BOSTON — When he was asked at Thursday’s MIT Sloan CFO Summit if Big Data is just a buzzword, a marketing tool vendors use to sell more software to CFOs, Justin Borgman, the founder and chief executive officer of Hadapt, a data-analysis software vendor, answered honestly: “Yes. It’s an excuse to sell you more stuff.”
However, he added, “it’s stuff you’ll eventually need.”
Borgman, along with Ron Gill, CFO of cloud enterprise resource planning provider NetSuite, and Jeanne Johnson, business-intelligence principal at KPMG, discussed what Big Data can do for business and what business can do to harness the power of the data it already has.
Surprisingly, the latter could turn out to be more important than the former in the short run. Business already has lots of data; it just doesn’t know what to do with it. Before tackling the massive quantities of unstructured data such as tweets, product reviews, and Facebook “likes” that comprise the volume and variety of what’s known as Big Data, companies should first figure out how to make use of the structured data — numbers in spreadsheets, numbers stored in a business’s servers — they can retrieve from their operational systems.
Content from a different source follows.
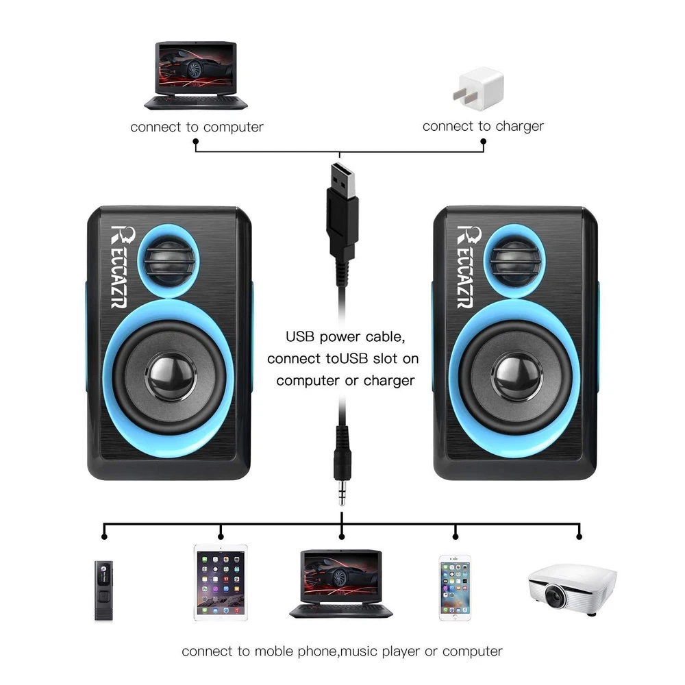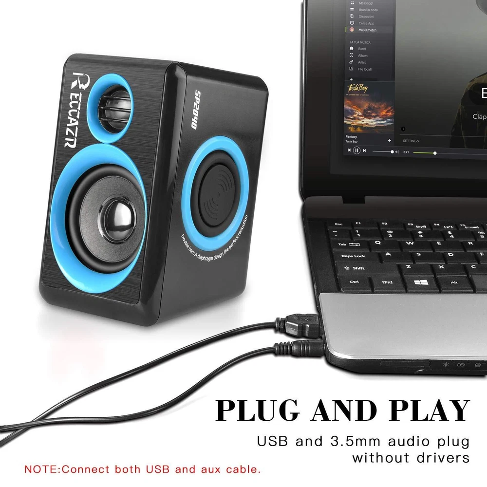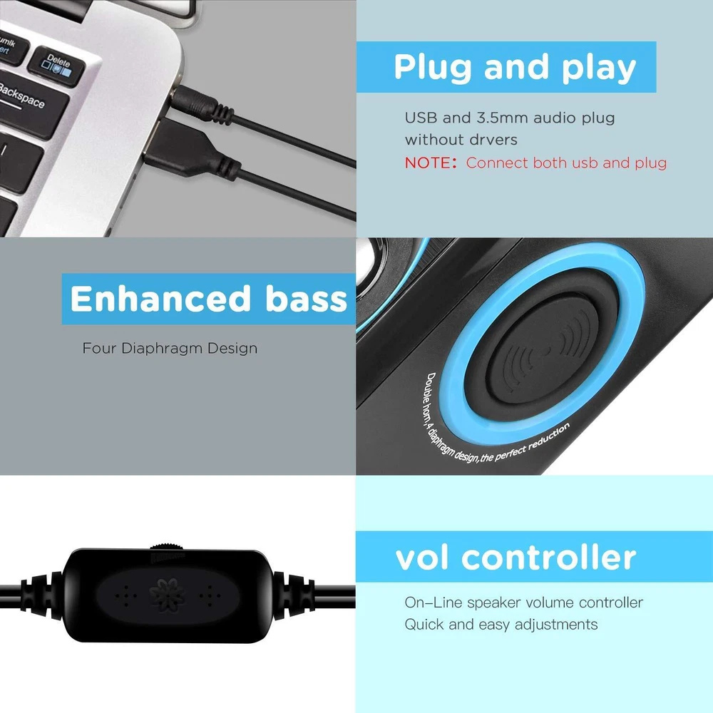 Pc Computer Speakers Surround Sound Usb Wired Laptop Deep Bass Desktop Blue 【Rich and strong stereo sound】Built-in Four Loudspeaker Diaphragm and Subwoofer Multimedia Speakers,The laptop USB speakers deliver Clear Rich and strong stereo sound for your computer,Turn your desktop computer or laptop into the ultimate sound system. These USB Powered Computer Speakers will fill the room with your music, movies, or computer games. 【The Compact Design】The small size allows the speakers to easily sit on your desk. And the USB power means you can take them with you and plug directly into your computer for music on the go. 【One Finger Control】Turn the speakers on and the volume up with one simple control on the line of the speakers for quick access. 【Compatible with Multiple Devices】It Compatible with PC, laptops,desktop,notebooks, Kindle Fire,smart phones, tablets, MP3, MP4 and more devices. 【Plug And Play】USB Powered and 3.5mm Audio Input,Just plug the USB cable into your device or the wall and plug the 3.5mm jack into your audio device and not need drives. Shipping We offer FREE shipping on all orders! We ship within Three business days of payment, usually sooner. We use a selection of shipping services such as UPS, FedEx, USPS etc. We only ship to the lower 48 states, no APO/FPO addresses or PO Boxes allowed. Local pickups and combined shipping options are not provided at this time. Return You can return a product for up to 30 days from the date you purchased it. Any product you return must be in the same condition you received it and in the original packaging. Please keep the receipt. Payment We accept payment by any of the following methods: PayPal Please pay as soon as possible after winning an auction, as that will allow us to post your item to you sooner! Feedback Customer satisfaction is very important to us. If you have any problem with your order, please contact us and we will do our best to make you satisfied. Contact Us If you have any queries, please contact us via ebay. We usually respond within 24 hours on weekdays. Please visit our eBay store to check out other items for sale! Thank you for shopping at our store.

“Big Data is a great opportunity,” KPMG’s Johnson said. “I think it’s changing the way business is going to be done, but it takes time to get the good foundation to harness the data.”
Another word for that foundation is infrastructure. Gill emphasized that many businesses do not have the supply chain and manufacturing infrastructure in place to act on the data already available to them, much less the ability to collect and analyze new kinds of data. He described the case of a sportswear company that analyzed Twitter streams and discovered that people in the Deep South really liked New York Jets quarterback Tim Tebow. It didn’t take a genius to figure out that Tebow jerseys would probably sell well south of the Mason-Dixon Line.
What it took, said Gill, was an infrastructure that could respond to the data by increasing the manufacture of Tebow’s number 15 Jets jersey, and a supply chain that could get them into the stores “in advance of the demand showing up” in the point-of-sale or inventory reports. The manufacturer used the Big Data — the Twitter sentiment analysis — to predict demand before it surfaced in the stores and, said Gill, it sold a lot of jerseys. But without that manufacturing and supply-chain capability, the data, big or small, would have been useless.
The sportswear company knew what it was looking for when it began analyzing the Twitter feeds: sentiment that would translate into demand that would directly affect its product and its sales.
“With any Big Data project, if you don’t spend time thinking about analysis, you’re wasting your money,” said Gill. “You must have a structured idea of what you want to get out of unstructured data.”